- _SUPPLIED INFORMATION_:
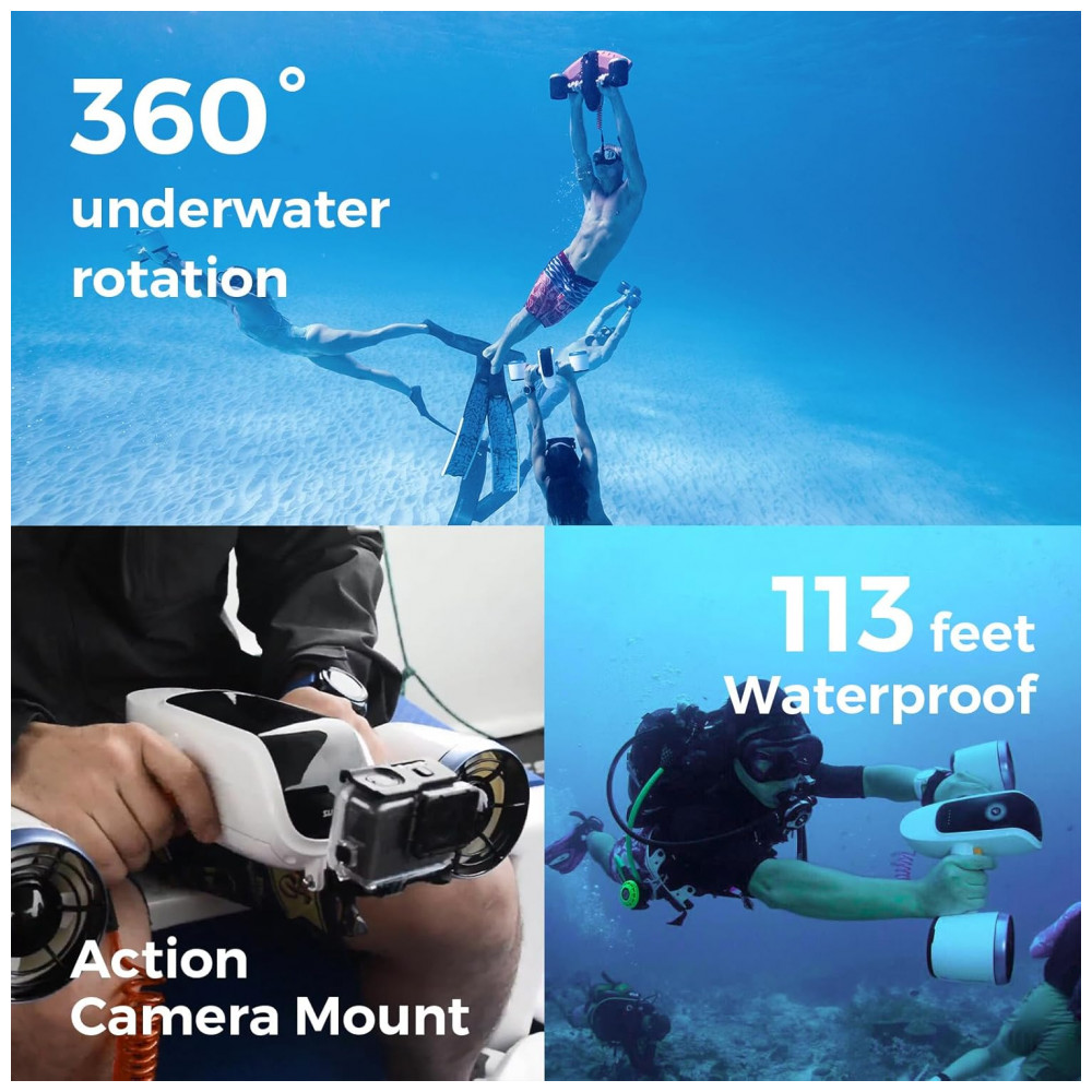 Recursos adicionais: módulo de flutuabilidade removível, proteção de hélices, suporte para câmera de ação
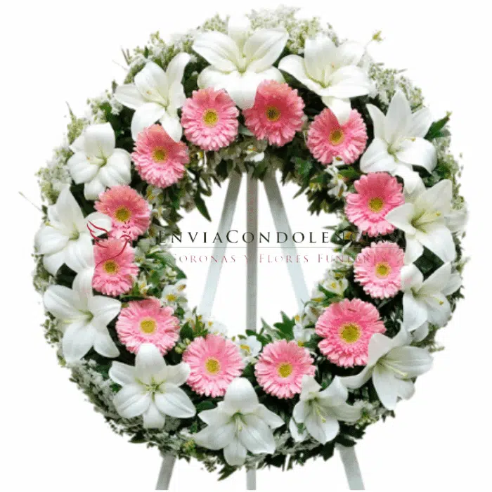 Envía flores fúnebres elegantes y dignas de la última despedida. Preciosa corona elaborada con una docena de Gerberas color rosa, flores de Casablancas, Alstromelia y flor de Velo.
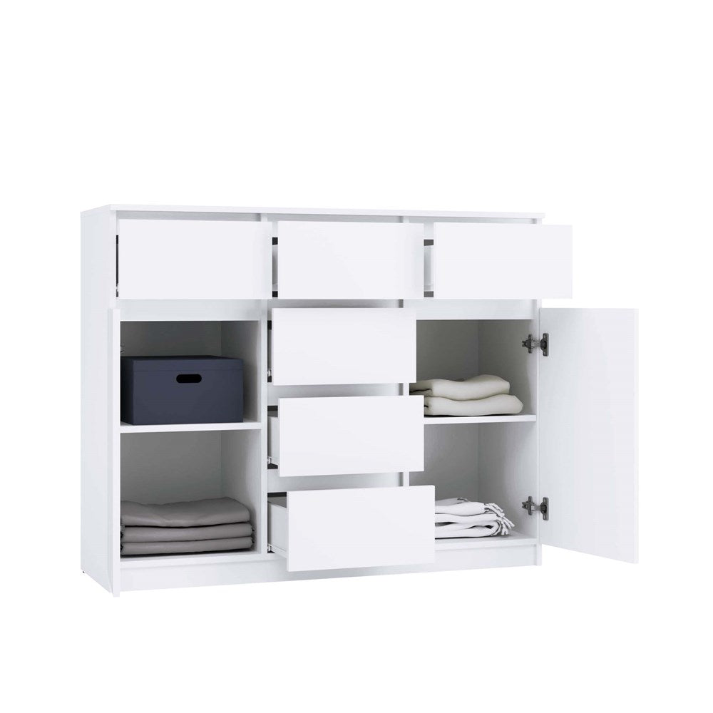Moderne ladekast 2 deuren 6 laden 120x40x96,5 cm | Kleur: Mat wit
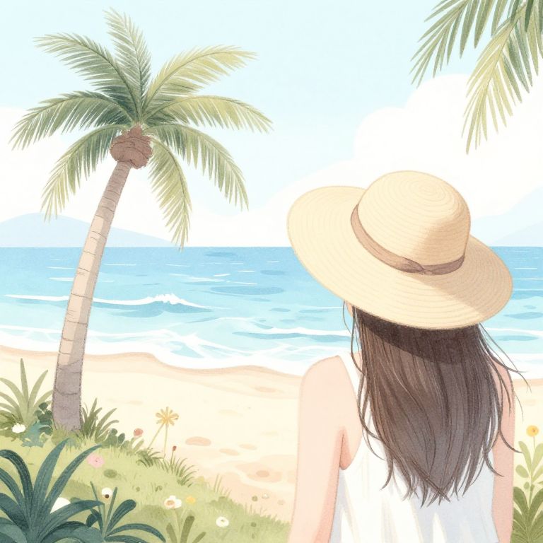 Digital drawing of a serene beach scene. A person with long, dark brown hair, viewed from behind, wears a wide-brimmed beige hat and a sleeveless top. They stand near the foreground, facing a calm blue ocean. A tall, slender palm tree with green fronds is on the left, and lush green grass with small white flowers is at the bottom. The clear sky and bright sunlight enhance the tranquil atmosphere. The style is soft and watercolor-like, with gentle gradients and delicate lines.

- _TO DO_: Please repeat, exactly as written, only the lines from the line with "Envía flores fúnebres" to the end of the data, leaving out every picture.

- _EXERCISE RESULT_:
 Envía flores fúnebres elegantes y dignas de la última despedida. Preciosa corona elaborada con una docena de Gerberas color rosa, flores de Casablancas, Alstromelia y flor de Velo.
Moderne ladekast 2 deuren 6 laden 120x40x96,5 cm | Kleur: Mat wit
 Digital drawing of a serene beach scene. A person with long, dark brown hair, viewed from behind, wears a wide-brimmed beige hat and a sleeveless top. They stand near the foreground, facing a calm blue ocean. A tall, slender palm tree with green fronds is on the left, and lush green grass with small white flowers is at the bottom. The clear sky and bright sunlight enhance the tranquil atmosphere. The style is soft and watercolor-like, with gentle gradients and delicate lines.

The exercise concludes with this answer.